Локтев не ответил, он наклонил голову вперед и сжал зубы.
– И разговоров у нас приятных больше не состоится, – продолжал Руденко. – Впереди только серьезные беседы. Ты ещё не понимаешь, что это такое. Но поймешь. Когда ты обосрешься, я не позволю тебе сменить штаны. А когда у тебя пойдет кровь изо рта и из ушей, я не вызову врача, чтобы её остановить. Так и сдохнешь в собственно говне и крови. А если и не сразу сдохнешь, то уже на следующий день будешь ссать кровью и кончать камнями из почек. Ему предлагаешь сотрудничество. Другой бы от радости прыгал, а он жопой крутит. Неблагодарный ты хер.
Руденко надолго замолчал, остановив взгляд на желтом кактусе.
– Ладно, – наконец, сказал он. – Я немного погорячился. Но и вы тоже хороши. Уперлись… В следующий раз мы встретимся через четыре дня. Здесь же, в десять часов. Вот повестка. Давайте пропуск, подпишу. Четыре дня – это время на раздумье. Учтите, такое роскошное предложение вам больше не сделают. Я ведь дарю вам жизнь, свободу и здоровье. А что взамен? Практически ничего. А вы кочевряжитесь. Обещаетесь подумать?
– Обещаю.
Локтев встал, взял из рук Руденко повестку и пропуск. Руденко тоже встал из-за стола.
– Тогда счастливо, Кактус.
Оставшись в кабинете один, Руденко развернул на столе свежую газету пробежал глазами заголовки, даже прочитал пару абзацев из заметки на криминальную тему. Но тут в дверь постучали, вошла невзрачная женщина, курьер из информационного центра. Положила на стол поверх газеты несколько сколотых скрепкой листков бумаги.
– Из ГУВД Петрозаводска пришел ответ на ваш запрос о гражданине Тарасове.
– О, спасибо, – встрепенулся Руденко. – Какое счастье.
Он хотел пошутить, схохмить или потрепаться о погоде, но заглянул в лицо курьера – и шутить расхотелось. Женщина выглядела слишком уставшей, серьезной, сосредоточенной на своих мыслях. Кажется, она вообще не способна понимать юмор. Старовата для этого.

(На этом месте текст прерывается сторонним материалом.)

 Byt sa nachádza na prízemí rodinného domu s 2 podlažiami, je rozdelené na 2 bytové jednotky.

Руденко только глянул вслед курьеру и опустил глаза к бумагам. Местные петрозаводские милиционеры отнеслись к запросу из Москвы внимательно, слово МУР уважают даже в глубинке. Надо же, целых восемь страниц в ответ настрочили. Так, Тарасов Максим Сергеевич. Родился, крестился, учился. Ничего интересного, общая сухая информация. Инспектор перевернул вторую, затем третью страницу, продолжил мало занимательное чтение.

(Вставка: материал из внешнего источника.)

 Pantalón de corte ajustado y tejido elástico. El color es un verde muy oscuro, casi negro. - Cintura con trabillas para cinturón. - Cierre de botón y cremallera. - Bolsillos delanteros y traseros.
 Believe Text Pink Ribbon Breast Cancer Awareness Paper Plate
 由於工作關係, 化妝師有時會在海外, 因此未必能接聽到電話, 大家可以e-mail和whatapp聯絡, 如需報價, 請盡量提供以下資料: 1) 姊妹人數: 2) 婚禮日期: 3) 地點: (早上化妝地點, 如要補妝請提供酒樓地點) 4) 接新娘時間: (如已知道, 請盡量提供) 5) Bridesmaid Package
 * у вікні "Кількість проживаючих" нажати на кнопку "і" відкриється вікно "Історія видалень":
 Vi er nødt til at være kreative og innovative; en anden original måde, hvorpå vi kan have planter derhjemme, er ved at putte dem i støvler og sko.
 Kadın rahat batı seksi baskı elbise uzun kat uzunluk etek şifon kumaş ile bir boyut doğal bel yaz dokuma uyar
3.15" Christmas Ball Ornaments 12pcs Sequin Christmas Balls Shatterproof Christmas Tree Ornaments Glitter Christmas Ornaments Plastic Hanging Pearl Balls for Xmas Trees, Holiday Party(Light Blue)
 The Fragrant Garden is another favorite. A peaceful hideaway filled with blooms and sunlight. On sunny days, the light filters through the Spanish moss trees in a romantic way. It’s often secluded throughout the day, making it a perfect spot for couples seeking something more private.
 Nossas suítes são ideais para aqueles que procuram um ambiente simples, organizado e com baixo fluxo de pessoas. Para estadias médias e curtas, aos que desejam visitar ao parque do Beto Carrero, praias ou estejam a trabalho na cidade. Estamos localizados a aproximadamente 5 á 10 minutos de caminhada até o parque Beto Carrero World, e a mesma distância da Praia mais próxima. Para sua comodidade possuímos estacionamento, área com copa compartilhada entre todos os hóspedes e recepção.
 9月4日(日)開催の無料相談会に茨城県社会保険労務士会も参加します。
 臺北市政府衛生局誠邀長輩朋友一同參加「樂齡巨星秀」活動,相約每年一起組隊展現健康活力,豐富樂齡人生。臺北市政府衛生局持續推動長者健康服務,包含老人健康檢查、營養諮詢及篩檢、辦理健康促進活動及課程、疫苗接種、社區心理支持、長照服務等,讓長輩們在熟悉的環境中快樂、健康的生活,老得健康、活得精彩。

Так, мать Руденко умерла семь лет назад. Работала на консервном заводе. Отец в прошлом бригадир грузчиков в порту, ныне инвалид. Других близких родственников не имеется. Сам Максим Руденко мастер спорта по боксу. Любительскому, разумеется. Занимался в спортобществе «Урожай» под руководством тренера Люшкина. Видно, звезда местного значения. В Москве о таком тренере слыхом не слыхивали. И не услышат.
Тарасов не женат, детей не имеет. Просто аномальное явление, человеку за тридцать, а у него ни жены, ни детей. Настораживает. Шесть лет назад увлекся театром. С чего бы? Работал в областном театре оператором сцены, осветителем. Окончил годичные актерские курсы. В эпизодических и массовых сценах участвовал в следующих спектаклях. Ух, как много постановок. Целый поминальник. Когда только успел? Видать, талант прорезался. Сыграл одну из главных ролей в пьесе «Барышня и хулиган». Кого он, интересно, представлял в этой пьесе? Наверняка, не барышню.

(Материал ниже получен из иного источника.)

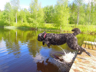 I Hemmingsmark slog vi upp tältet på en badplats. Så i morse blev det säsongens första dopp. Det var inte så kallt som jag först hade trott att det skulle vara i vattnet. När man sedan kom upp ur vattnet var det så pass varmt att man kunde sitta och sola utan att frysa ihjäl! Vega är en modig flicka, hon kastade sig rakt ut från bryggan och började simma. Flera gånger gjorde hon det dessutom.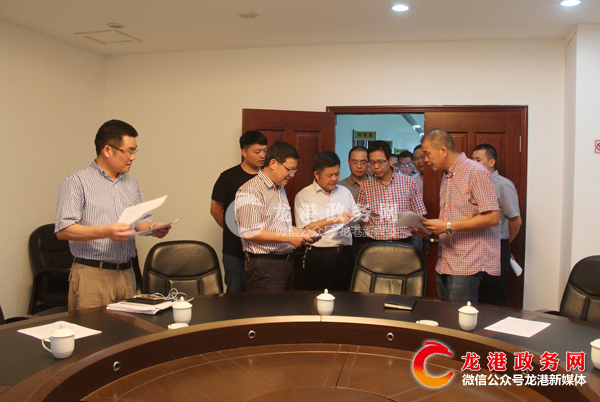 龙港政务网7月20日讯:昨天下午,苍南县人大常委会主任苏庆明一行来龙港镇查看15个大部门实际运行情况。丁振俊、丁云勇、章定宇等领导陪同查看。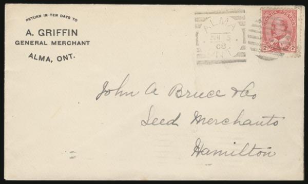 5068   imageALMA ONT (State 2, RF 35), Nice fully dated strike 5 Jun '08 (with unrecorded 3-letter month in 1908) on #90 cover to Hamilton Ont. Has nice advertising corner card for a General Merchant in Alma. VF (Image) Estimate 100.00+ $Cdn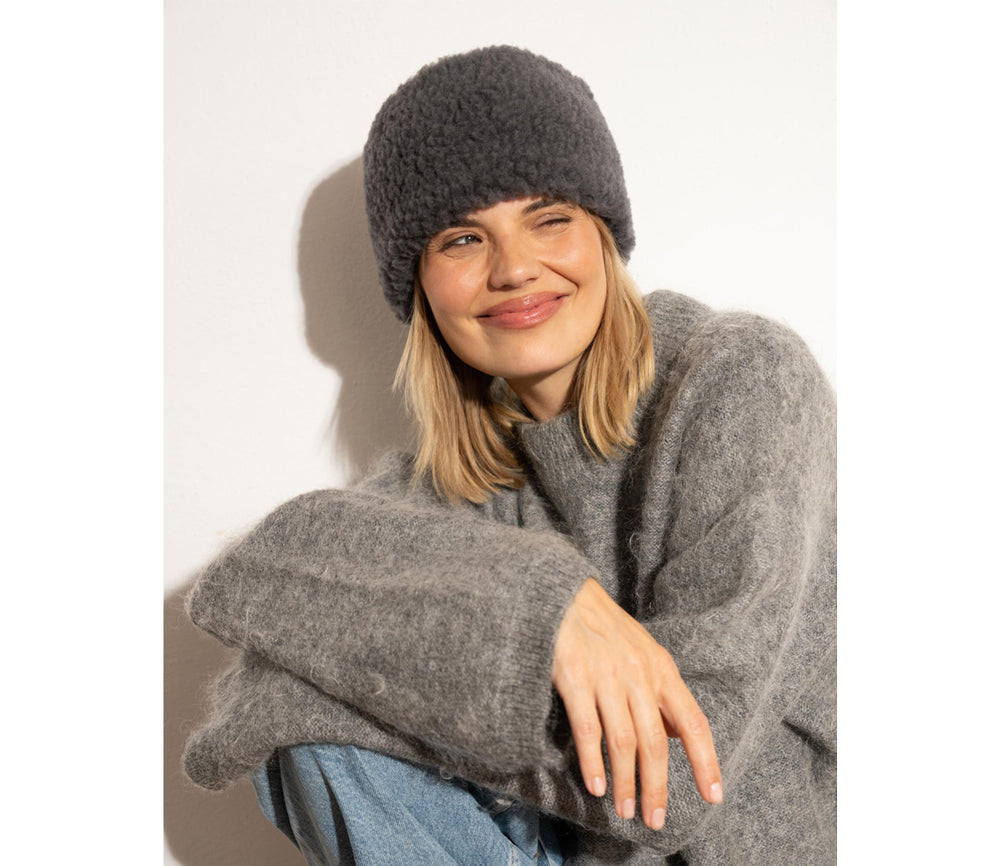 100 % Wolle in einem Fleece mit Schaffellstruktur und einer sehr leichten Formel. Der Stoff zeichnet sich durch außergewöhnliche Weichheit und Elastizität aus, wodurch er uns sanft umhüllt. Charakteristisch für dieses Material ist seine schwarze Basis, die die Farbe des verwendeten Wollvlieses intensiv zur Geltung bringt.

В театральном коллективе пользовался уважением. Общая фраза. Так, а вот это уже интересно: друзья Тарасова. Пара ничего не говорящих фамилий спортсменов. Затем администратор спортивного общества «Буревестник» Виктор Семенович Клыков. Тоже мимо денег. Кто такой этот Виктор Семенович? И ещё один друг – драматург областного театра Алексей Евгеньевич Локтев.